Comment 16 Zdenek Kabelac 2009-02-10 12:27:20 UTC
So after my short tests:

With reverted commit c4e061ace75513aee227090486cc46dec7810c00 and patch from comment #11, there is really some improvement.

Wifi seems to survive 4 suspend/resume cycles in row.

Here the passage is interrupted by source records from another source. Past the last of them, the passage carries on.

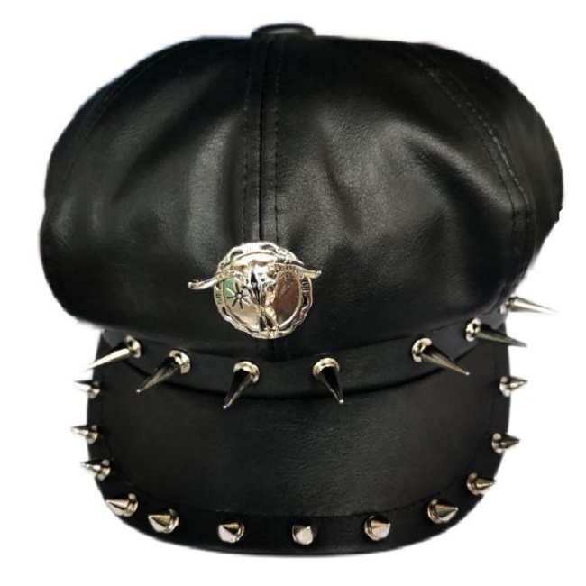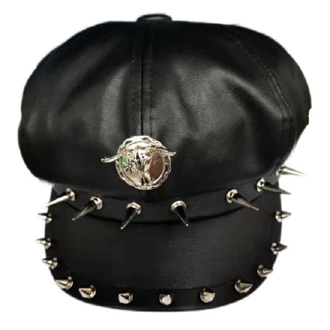 Young Yingren Fashion 100 Lap Leather Hat Punk Wind Rock Beret Leather Autumn Winter Hat Rivet Casual Short Hat along the hat
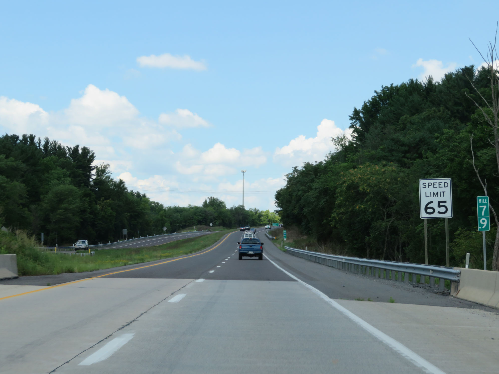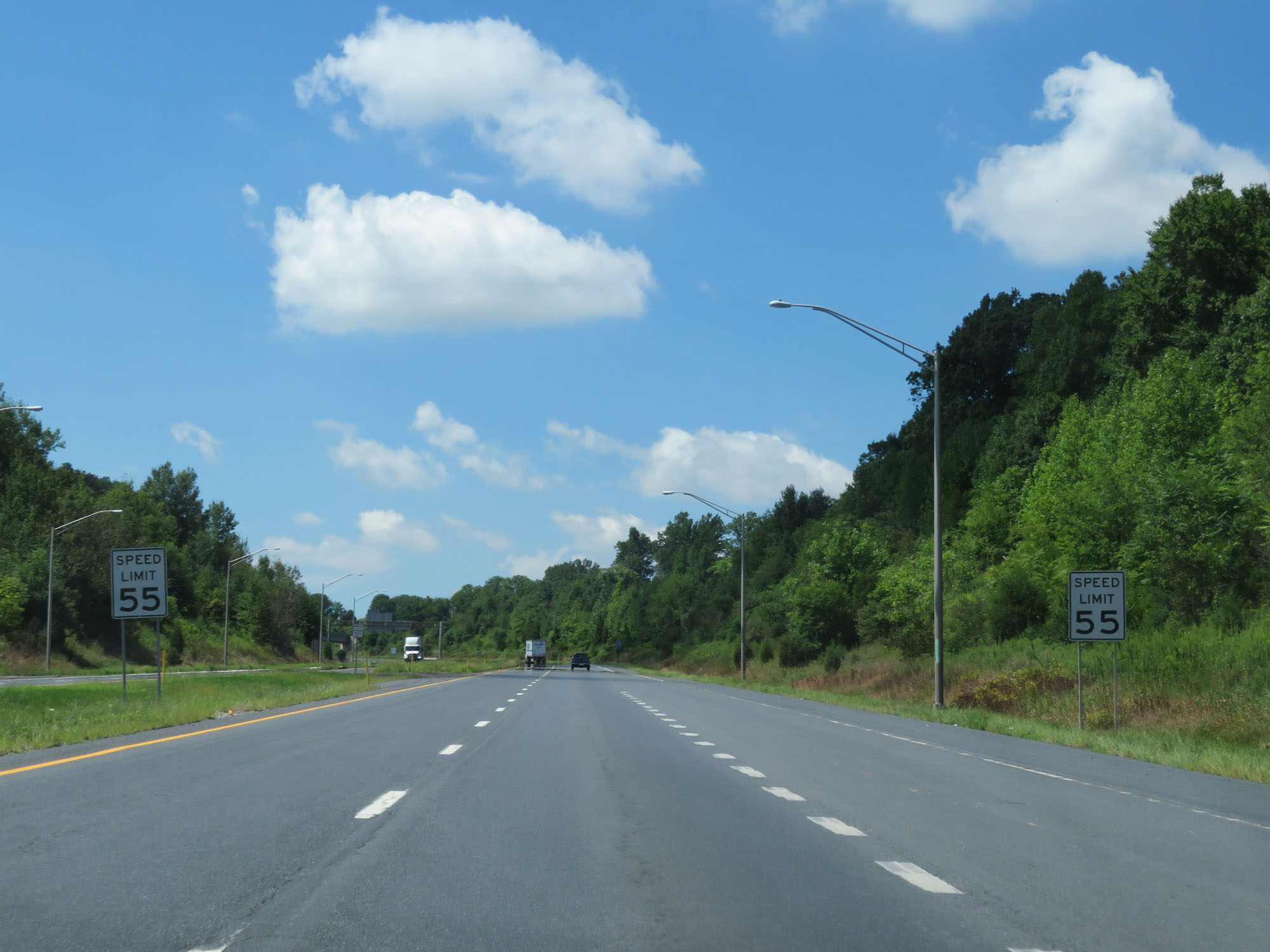 Approaching Exit 10, the speed limit decreases to 55 mph. (Photo taken 8/19/16). |
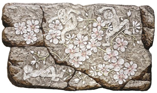 뿐만 아니라 힘차게 약동하는 가지는 아이들의 무게를 적절한 탄력으로 균형을 유지하여 결코 부러지는 법이 없다는 것이다. 음각으로 파여진 선(線)은 깊게 또는 얕게 혹은 빽빽하고 성글게 끊임없이 변화하며 물 흐르는 듯 하다.
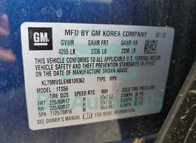 | VIN | KL79MVSL6NB109362 |
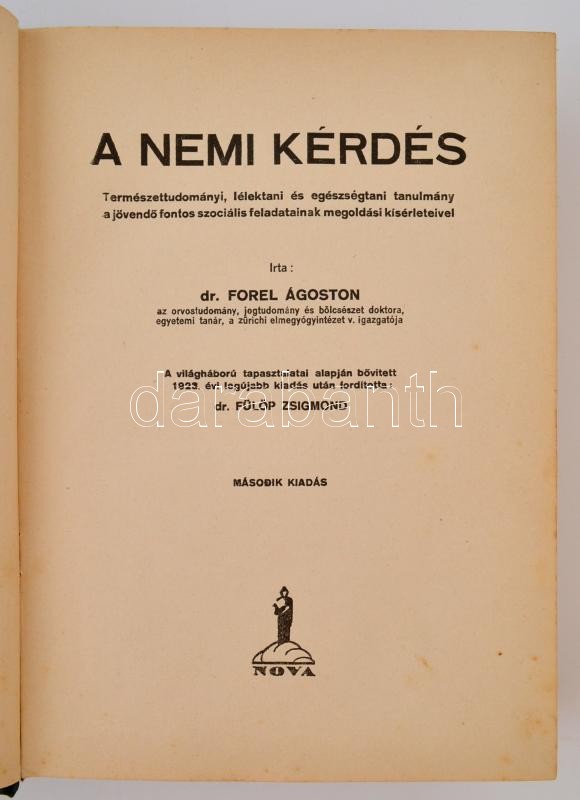 Dr. Forel Ágoston: A nemi kérdés. Természettudományi, lélektani és egészségtani tanulmány a jövendő fontos szociális feladatainak megoldási kísérleteivel. Bp., 1926, Nova. Kiadói egészvászon kötés, kissé kopottas állapotban.
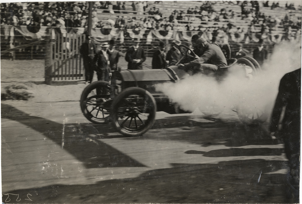 William McCulla and passenger in Apperson racecar at starting line, 1908 Grand Prize races

I'm currently running this HEAD 4c098bcd55fad34dcf224bf8343db6a9ac58fc68
(kernel 2.6.29-rc4)

And about those missing symbols - these are just results of modprobe -r iwl3945
try yourself... so I cannot fix them.
Comment 17 Reinette Chatre 2009-02-10 13:14:30 UTC
(In reply to comment #16)
> So after my short tests:
> 
> With reverted commit c4e061ace75513aee227090486cc46dec7810c00 and patch from
> comment #11, there is really some improvement.
> 
> Wifi seems to survive 4 suspend/resume cycles in row.

Sounds like it fixed it for you as confirmed by comment #4. You probably will notice some WARN messages in your log when suspending - the patch in comment #10 addresses that.